I feel like I've been hit by a train. I woke up this morning covered in wine, free condoms, and a sign language dictionary.
maybe i get so drunk and make stupid mistakes cuz Subconsiously im preparing for my real world debut
I ishhh haha are u coming nack easyer?
the fact that I know you're asking me if I'm coming home for easter makes me believe I speak fluent vodka.
Acid flashbacks - fact or fiction? Have been seeing a surprising amount of sparkly shit this afternoon...
I keep waking up with the nagging feeling I gave him half a hand job through his shorts.
I miss your penis. I'm telling you this as a friend, like its just a really great penis. You should be proud of it.
Sorry I forced you to take an adderall at 1am and then proceeded to dance to Lose Yourself outside of Qdoba.
First of all, I don't like eggnog. Second of all too much rum is all bad.

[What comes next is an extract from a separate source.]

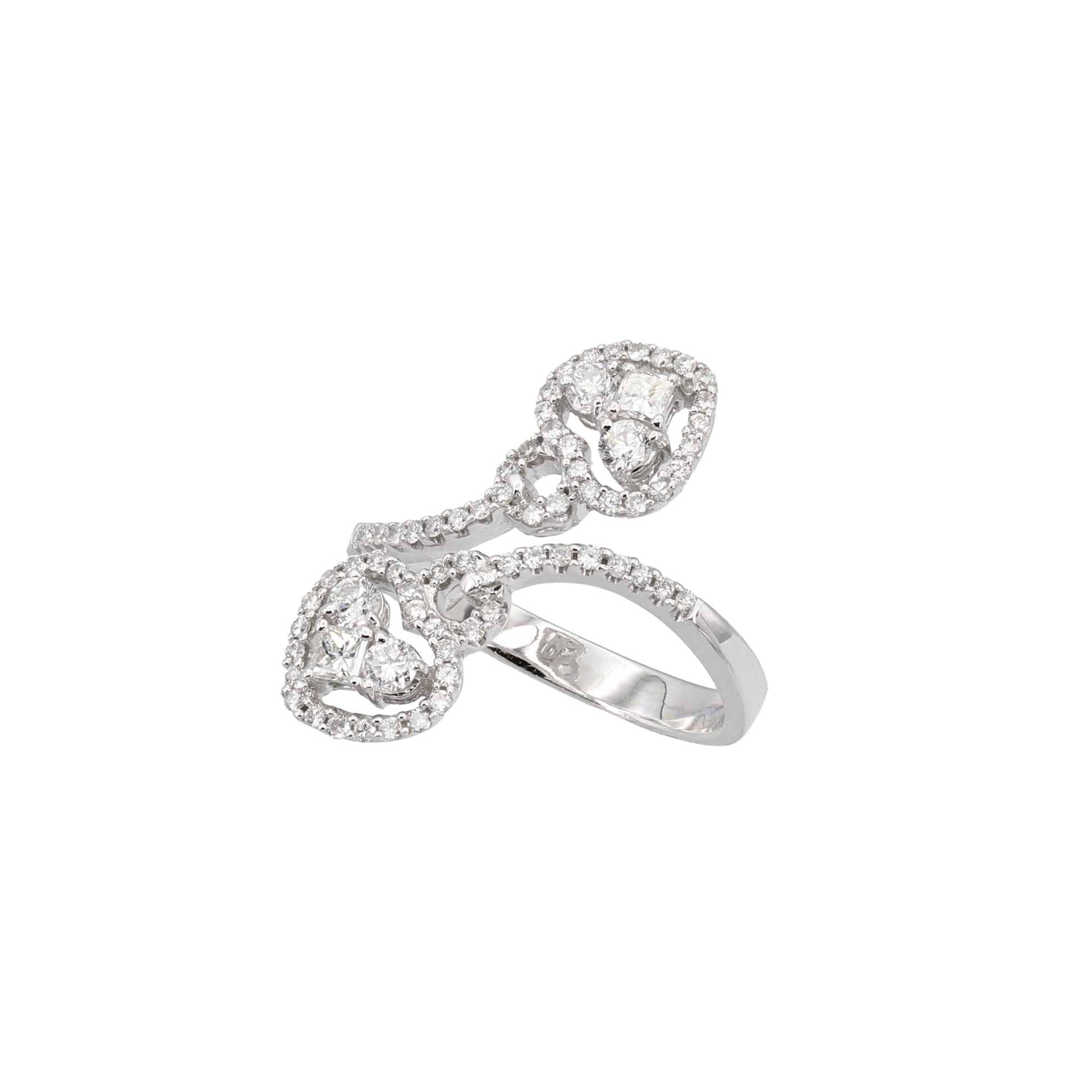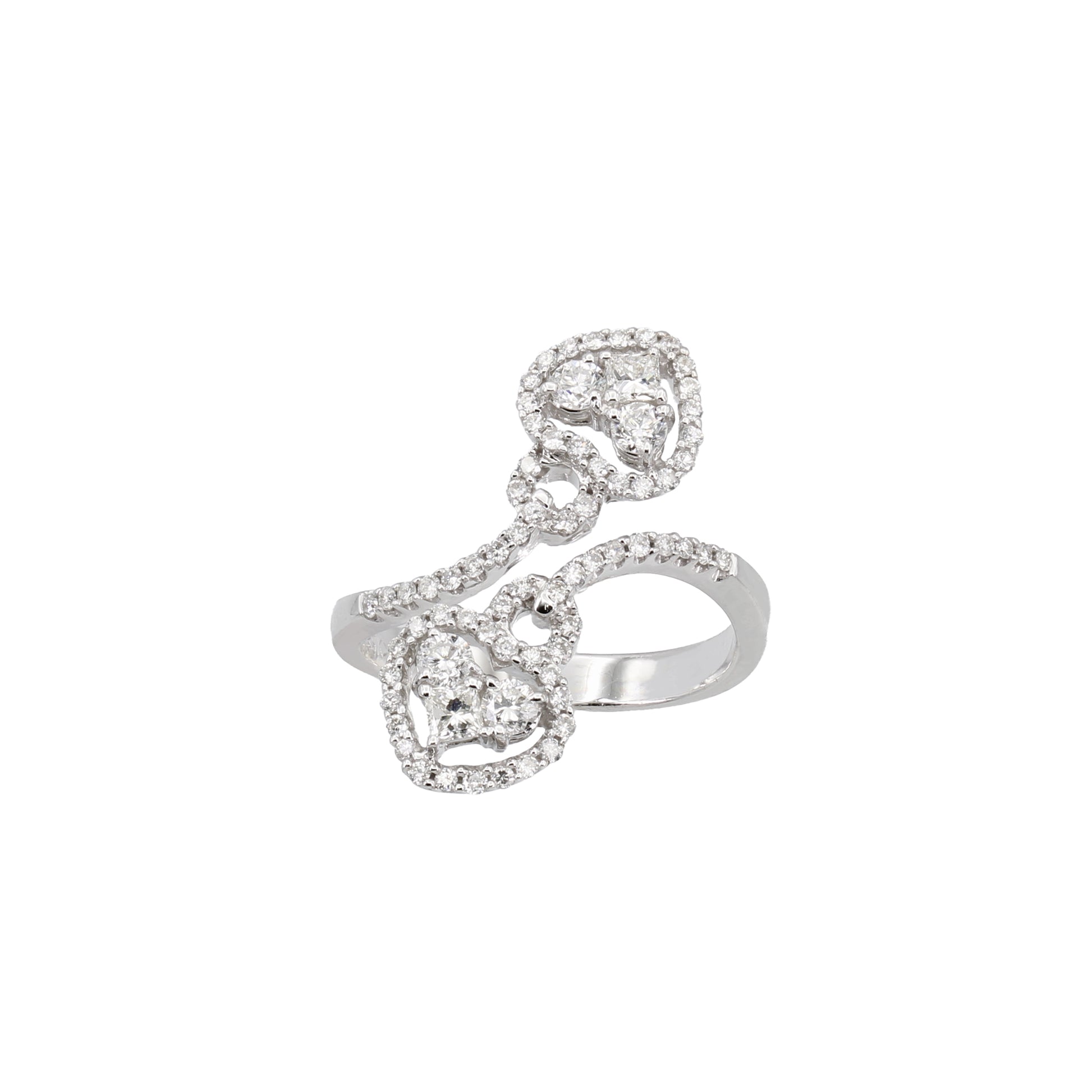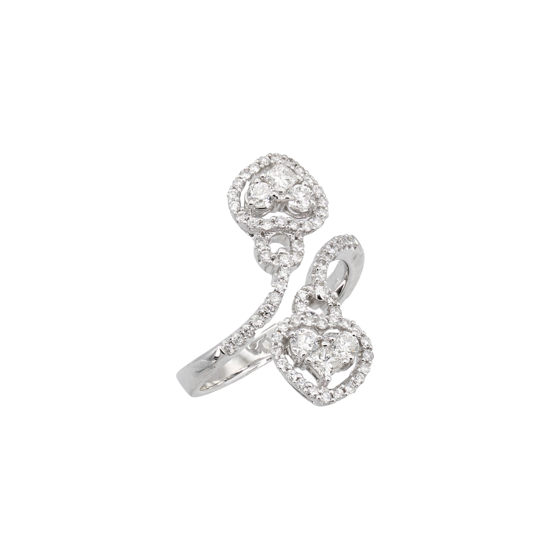 14k White Gold Fancy Round & Princess-Cut Diamond Heart Ring

And thirdly I'm not there to sit in your lap and pretend you are Santa and I've been a bad girl.
If you call getting home safe by sprinting down Spanish Harlem barefoot still rolling then ya I made it
btw im having a "its finally warm enough for a bbq in Toronto" party tonight. bring all the alcohol you have. and hamburger buns.
You started sleep walking, went to my closet, tried to pee on my boots, and when I asked you what you were doing you said "I'm talking to these people about jobs"
but seriously, if you see a redhead running down the street tonight in a carrot costume, call 911. He's tripping hard.
Only a true best friend would remind you to make sure your cucumber dildo is organic
I was at his place until 2am. We just sat really close an stared at each other. I think you are right. Germans must not have feelings. Not even tingly ones in their pants.
Tonight is an "I'm lonely and single so I'm going to curl up in a warm, melatonin and vodka enriched ball in the corner of my bed with a cat." kind of night.